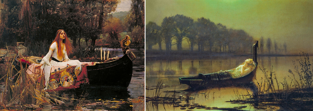 한편, 워터하우스의 그림(좌)에서 레이디 샬롯은 거울을 통해 바라본 연인들이 서로 사랑하는 모습을 수놓은 태피스트리를 깔고 앉아 강물 위를 둥둥 떠다닌다. 그러나 결국 영화 <레드 룸스> 속 모니터의 배경화면이던 존 앳킨스 그림쇼의 그림(우)처럼 배에 탄 채로 주검이 되어 (아마도 그녀를 알지못할) 카멜롯의 기사들 앞에 당도하게 된다.
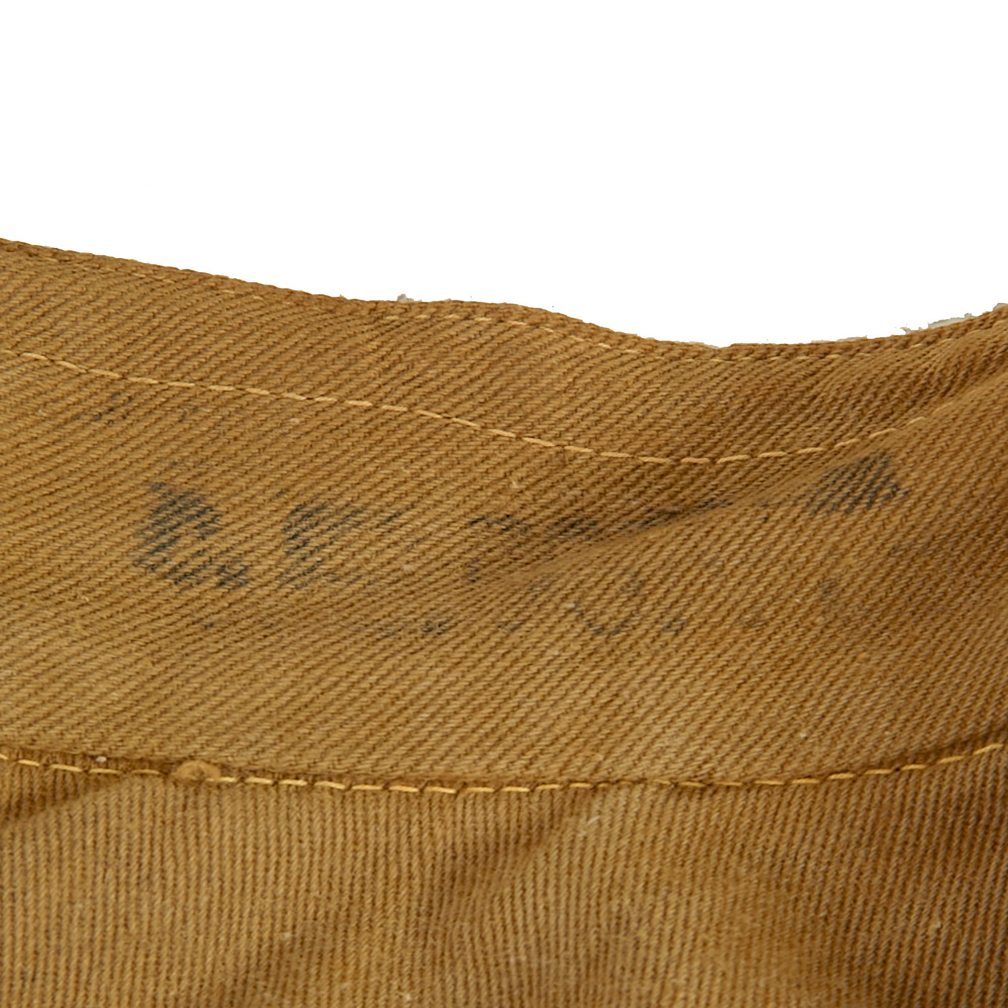 The tunic is in wonderful condition and does show signs of wear in a hot, humid climate. There is staining present and the tunic itself presents itself as “salty” with a starch like feel to it. There is no extensive damage present and this is honestly one of the best we have seen lately.
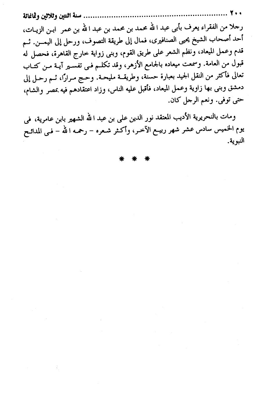 رجلا من الْفُقَرَاء يعرف بِأبي عبد الله مُحَمَّد بن مُحَمَّد بن عبد الله بن عمر ابْن الزياب أحد أَصْحَاب الشَّيْخ يحيى الصنافيري فَمَال إِلَى طَريقَة التصوف ورحل إِلَى الْيمن. ثمَّ قدم وَعمل الميعاد ونظم الشّعْر على طَرِيق الْقَوْم وَبنى زواية خَارج الْقَاهِرَة فَحصل لَهُ قبُول من الْعَامَّة. وَسمعت ميعاده بالجامع الْأَزْهَر وَقد تكلم فِي تَفْسِير آيَة من كتاب تَعَالَى فَأكْثر من النَّقْل الْجيد بِعِبَارَة حَسَنَة وَطَرِيقَة مليحة. وَحج مرَارًا ثمَّ رَحل إِلَى دمشق وَبنى بهَا زَاوِيَة وَعمل الميعاد فَأقبل عَلَيْهِ النَّاس وَزَاد اعْتِقَادهم فِيهِ بِمصْر وَالشَّام حَتَّى توفّي. وَنعم الرجل كَانَ. وَمَات بالنحريرية الأديب المعتقد نور الدّين عَليّ بن عبد الله الشهير بِابْن عامرية فِي يَوْم الْخَمِيس سادس عشر شهر ربيع الآخر وَأكْثر شعره - رَحمَه الله - فِي المدائح النَّبَوِيَّة.
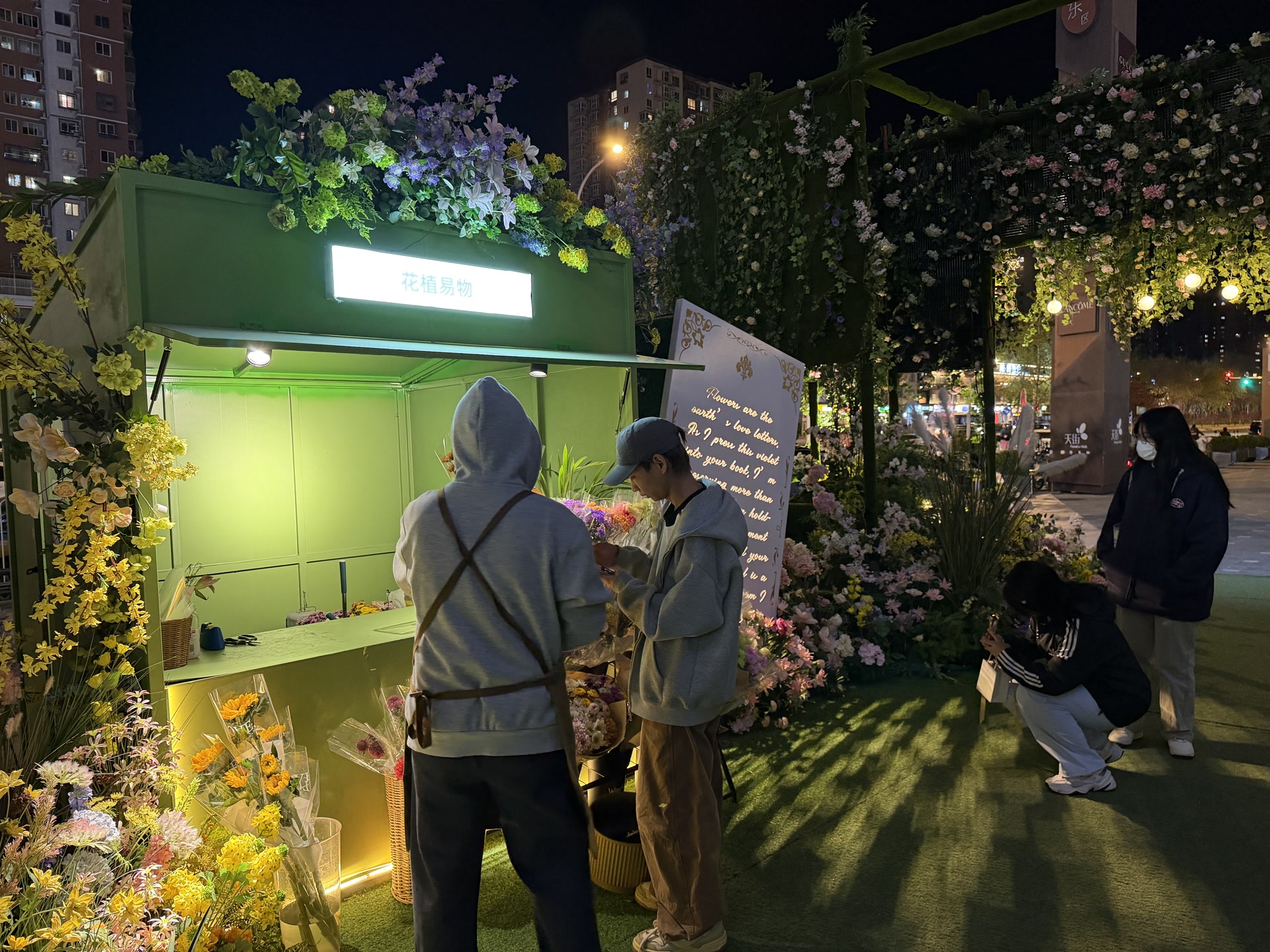 在位于朝阳区的龙湖北京长楹天街商圈,一场名为“天街醒春季——长楹Fa市”的春日主题市集正在举办。步入长楹天街东1门外广场,只见层层叠叠的花卉错落铺展,百米鲜花长廊前人潮涌动,市民和游客们三五成群,在由各色花束“织就”的艺术墙前驻足拍照,大伙儿直呼:“宛若看到了城市里的莫奈花园。”
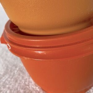 Great vintage condition. Minor signs of wear shown in pics. Measurements in pics. Please look at all pics and zoom in for a closer view. Two different oranges. Vintage stacking bowls with lids, perfect for all your kitchen needs. Durable and stylish design. Vintage Tupperware Orange Yellow Servalier Stacking Bowls With Lids 4pcs
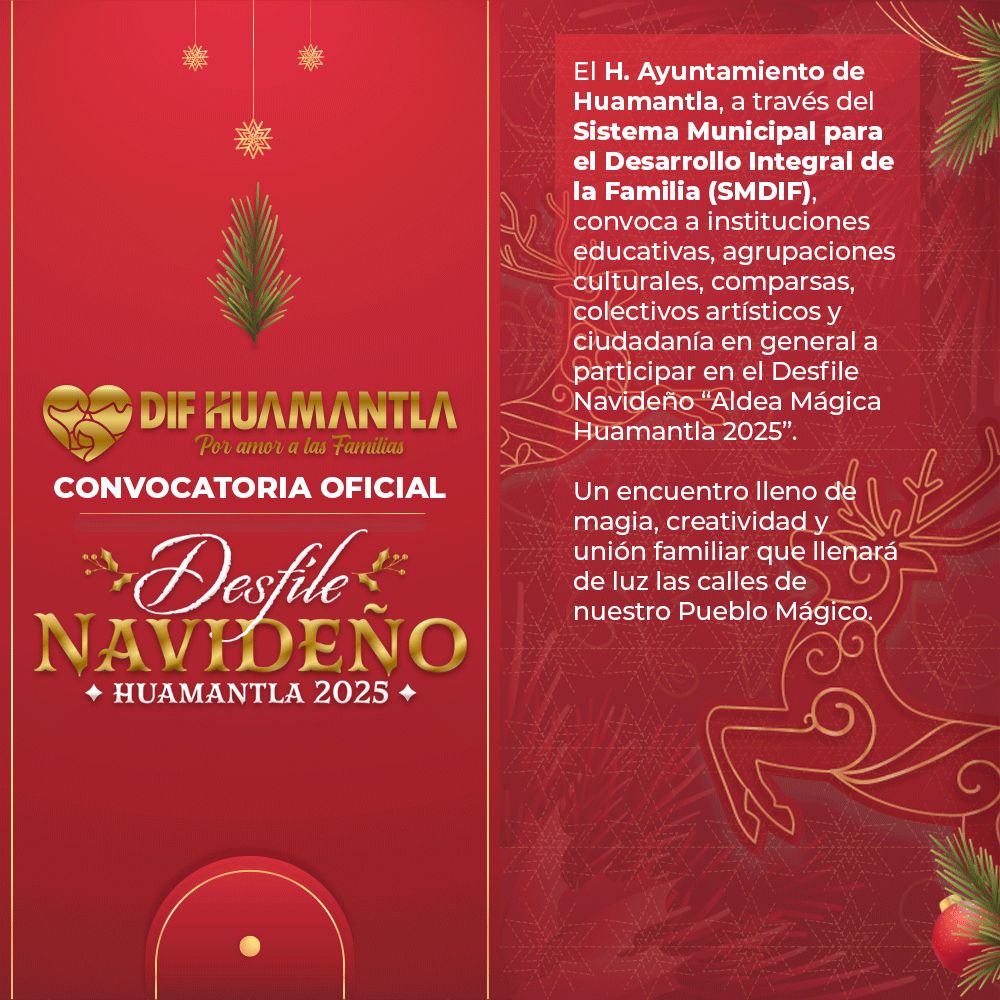 El Sistema Municipal para el Desarrollo Integral de la Familia (SMDIF) de Huamantla mantiene abierta la convocatoria para formar parte del tradicional Desfile Navideño de la quinta edición de Aldea Mágica 2025, programado para el próximo sábado 6 de diciembre.
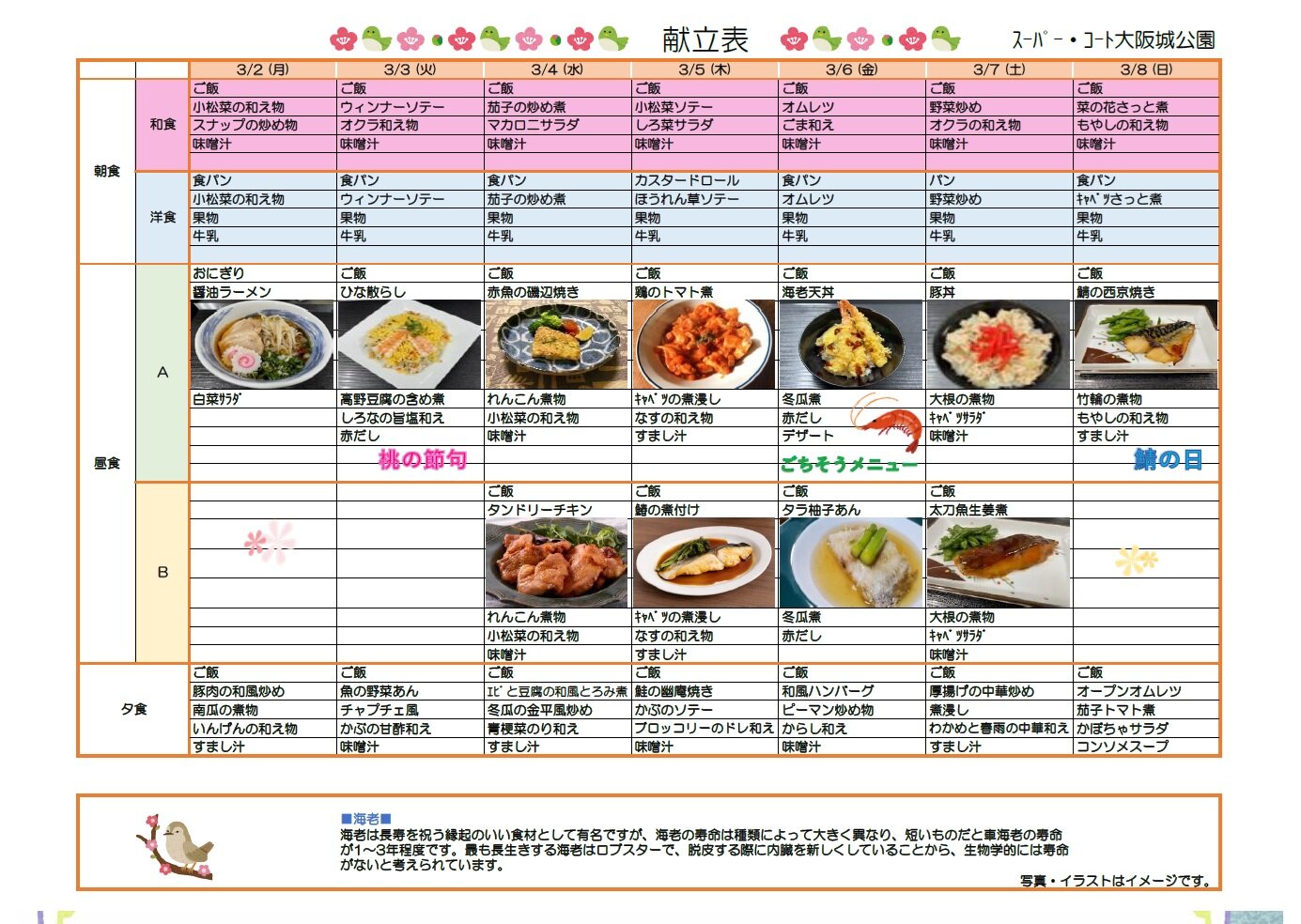 それでは、来週の献立を公開いたします。

• • • •

Work to complete> Copy out every line of the material above exactly, skipping the pictures.

Solution to the exercise>
 한편, 워터하우스의 그림(좌)에서 레이디 샬롯은 거울을 통해 바라본 연인들이 서로 사랑하는 모습을 수놓은 태피스트리를 깔고 앉아 강물 위를 둥둥 떠다닌다. 그러나 결국 영화 <레드 룸스> 속 모니터의 배경화면이던 존 앳킨스 그림쇼의 그림(우)처럼 배에 탄 채로 주검이 되어 (아마도 그녀를 알지못할) 카멜롯의 기사들 앞에 당도하게 된다.
 The tunic is in wonderful condition and does show signs of wear in a hot, humid climate. There is staining present and the tunic itself presents itself as “salty” with a starch like feel to it. There is no extensive damage present and this is honestly one of the best we have seen lately.
 رجلا من الْفُقَرَاء يعرف بِأبي عبد الله مُحَمَّد بن مُحَمَّد بن عبد الله بن عمر ابْن الزياب أحد أَصْحَاب الشَّيْخ يحيى الصنافيري فَمَال إِلَى طَريقَة التصوف ورحل إِلَى الْيمن. ثمَّ قدم وَعمل الميعاد ونظم الشّعْر على طَرِيق الْقَوْم وَبنى زواية خَارج الْقَاهِرَة فَحصل لَهُ قبُول من الْعَامَّة. وَسمعت ميعاده بالجامع الْأَزْهَر وَقد تكلم فِي تَفْسِير آيَة من كتاب تَعَالَى فَأكْثر من النَّقْل الْجيد بِعِبَارَة حَسَنَة وَطَرِيقَة مليحة. وَحج مرَارًا ثمَّ رَحل إِلَى دمشق وَبنى بهَا زَاوِيَة وَعمل الميعاد فَأقبل عَلَيْهِ النَّاس وَزَاد اعْتِقَادهم فِيهِ بِمصْر وَالشَّام حَتَّى توفّي. وَنعم الرجل كَانَ. وَمَات بالنحريرية الأديب المعتقد نور الدّين عَليّ بن عبد الله الشهير بِابْن عامرية فِي يَوْم الْخَمِيس سادس عشر شهر ربيع الآخر وَأكْثر شعره - رَحمَه الله - فِي المدائح النَّبَوِيَّة.
 在位于朝阳区的龙湖北京长楹天街商圈,一场名为“天街醒春季——长楹Fa市”的春日主题市集正在举办。步入长楹天街东1门外广场,只见层层叠叠的花卉错落铺展,百米鲜花长廊前人潮涌动,市民和游客们三五成群,在由各色花束“织就”的艺术墙前驻足拍照,大伙儿直呼:“宛若看到了城市里的莫奈花园。”
 Great vintage condition. Minor signs of wear shown in pics. Measurements in pics. Please look at all pics and zoom in for a closer view. Two different oranges. Vintage stacking bowls with lids, perfect for all your kitchen needs. Durable and stylish design. Vintage Tupperware Orange Yellow Servalier Stacking Bowls With Lids 4pcs
 El Sistema Municipal para el Desarrollo Integral de la Familia (SMDIF) de Huamantla mantiene abierta la convocatoria para formar parte del tradicional Desfile Navideño de la quinta edición de Aldea Mágica 2025, programado para el próximo sábado 6 de diciembre.
 それでは、来週の献立を公開いたします。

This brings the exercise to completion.